Boil a cup and a half of water in a kettle on the stove. (I just fill the kettle). While that's happening:

Put yourself a half cup of oats in the bottom of a small pot. Sprinkle 'em w/

-- one or two shakes of the salt shaker
-- 1/4 tsp. or so cinnamon
-- 1 T. or so ground flax seeds (opt)
-- a squirt of agave nectar (or honey)

Pour the boiling water over the oats (use one cup to 1-1/2, depending on how thick you like your oatmeal).

Put the pot on the stove eye that you just took the kettle off. Turn the eye off and let the pot sit there, covered, while you cut up half a banana or pour your coffee.

Scoop whole thing into an earnest bowl, and top with whatever you've got on hand -- banana, blueberries, dried cranberries, strawberries.
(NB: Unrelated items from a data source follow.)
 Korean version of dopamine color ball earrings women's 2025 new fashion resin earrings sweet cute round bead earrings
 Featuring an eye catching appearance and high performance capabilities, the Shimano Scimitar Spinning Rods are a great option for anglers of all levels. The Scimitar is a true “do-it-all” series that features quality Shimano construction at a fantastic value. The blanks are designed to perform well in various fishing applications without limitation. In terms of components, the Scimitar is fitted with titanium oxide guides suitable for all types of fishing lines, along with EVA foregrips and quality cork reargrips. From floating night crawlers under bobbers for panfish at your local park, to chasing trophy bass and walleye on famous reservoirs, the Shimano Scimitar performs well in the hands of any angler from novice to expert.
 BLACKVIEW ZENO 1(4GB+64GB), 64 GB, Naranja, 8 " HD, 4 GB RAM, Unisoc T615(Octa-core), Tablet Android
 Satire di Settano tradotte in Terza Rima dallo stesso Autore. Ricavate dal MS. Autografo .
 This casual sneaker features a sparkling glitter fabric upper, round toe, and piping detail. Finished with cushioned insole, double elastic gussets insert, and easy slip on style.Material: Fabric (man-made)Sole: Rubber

I always use sliced almonds and whatever fruit is in season. Walnuts are good, too. Sunflower seeds. Etc.

Eat whole thing with colossal gratefulness to be alive and tasting such flavors.

Day By Day

I'm eating lunch and watching Godspell this afternoon. Research, don'tcha know.
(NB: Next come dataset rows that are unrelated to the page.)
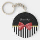 Ein eleganter, einfacher Schlüsselanhänger mit senkrechten schwarz-weißen Streifen, verziert mit einem schicken IMITAT goldfarbenen Streifen und einem Bild eines klassischen roten Bändchenbogens. Personalisieren Sie es, indem Sie den Namen des speziellen Mädchens in Ihrem Leben hinzufügen. Flachdruckbild, NICHT metallisch oder tatsächlicher Bogen.
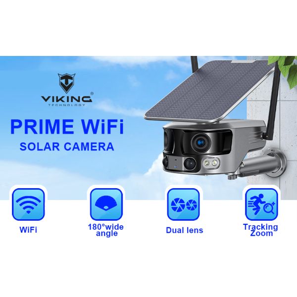 Solárna kamera Viking PRIME-WiFi, ktorá disponuje panoramatickými čočkami s 180 ° uhlom pohľadu, IP66 ochranou (platí iba v prípade, že sú všetky vstupné aj výstupné konektory zakryté napr. silikónovým ochranným krytom), PIR čidlom, detekciou ľudského pohybu a nočným videním. Ku kamere je taktiež možné pripojiť výkonný solárny panel, vďaka ktorému je kamera nezávislá na elektrickej sieti.
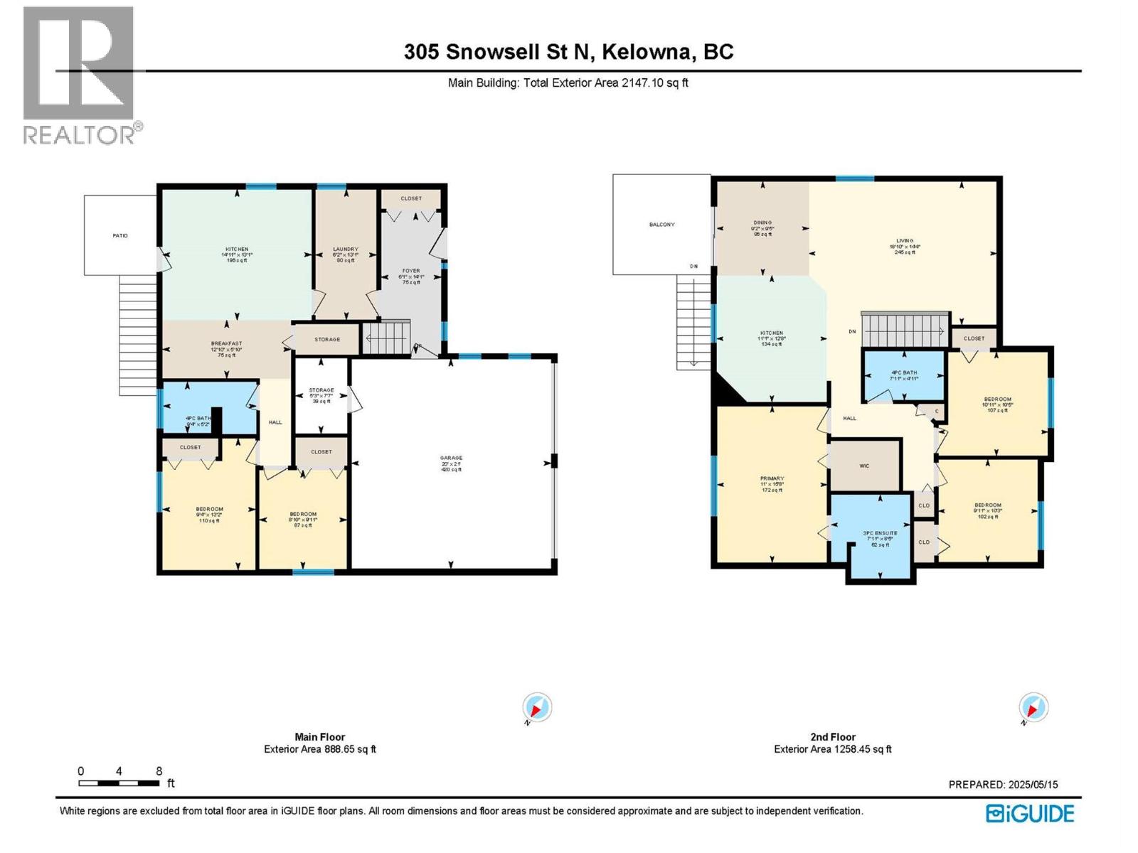 | Second Level | Primary Bedroom | 15'8'' x 11' | ||

I missed Godspell when it came to theaters in 1973. I was 20 years old and busy with a toddler, another baby on the way, and a disintegrating teenage shotgun marriage. I was supposed to have gone to college. I was supposed to have "done something" with my life. I was supposed to have made my parents proud.

Instead I left college at 18 and had a baby, then two by the time I was 21. I had missed the movement I wanted to be part of, and the world skipped by me in my twenties. But I heard "Day by Day" on the radio and fell in love with it.

It would take me many years to understand that my life just went in a different direction, that all lives go differently from the way we plan. It took me longer to learn to appreciate that different direction and to embrace it, to protect it, and cherish it.

I scribbled in my twenties, while I scrabbled out a living. I got serious about writing when I was in a safer place, in my thirties. I began to publish essays and features in magazines and newspapers. I was in my forties before a publisher was willing to work with me on a picture book that turned into Love, Ruby Lavender. It was published in 2001, when I was 47 years old.

Just before it was published, I became suddenly single again. I scrabbled once again until I could stand on my own two feet. Both my parents died, and I missed them (and yes, Cuz, I know they were proud of me). I have just turned 56 years old. I'm seasoned, and I'm still here.

Now all the children are grown and I am writing about the Sixties, when I came of age. I'm watching Godspell (which, along with Hair and Jesus Christ, Superstar, ushered out the Sixties). I'm watching Godspell and remembering what my mother and father were afraid of, and what they tried to keep me from. To save me? To save themselves? Who knows.

I would have been Robin. And I would have loved it. But my life didn't go that way. I look back on my life, however, with surprise to see that I have loved it. All of it. Even the so-difficult, so-traumatic stuff. It's okay. I'm okay. I'm good! And today, if I still want to be Robin, well... I can.



Here is Robin Lamont, my counterpart, singing "Day by Day" -- a song I sang my young children to sleep by when I was in my early twenties. Click twice if you want to link directly to YouTube, where it may load faster.

Me 'n Robin -- we would've been a pair, eh?

I'm gonna make me one of those hair wreaths.

Charleston

We met here, Jim and I, in high school. We came last weekend to celebrate his mother's 83rd birthday. We meandered King Street, ate collards at Jestine's Kitchen, took in Spoleto (liked Piccolo Spoleto even better), and wandered the harbor between celebrations.

There is a magic to Charleston. It's more than the architecture, the charm, the low country and the harbor. I have discovered another magic...
The other magic? I wrote, focused and intense, on the way down, in the car, while Jim drove. I wrote every early morning while we were there. Sometimes a change of scenery is just what's required. I'm beginning to see the end of this revision. I hope it takes wings this week and flies back to my editor.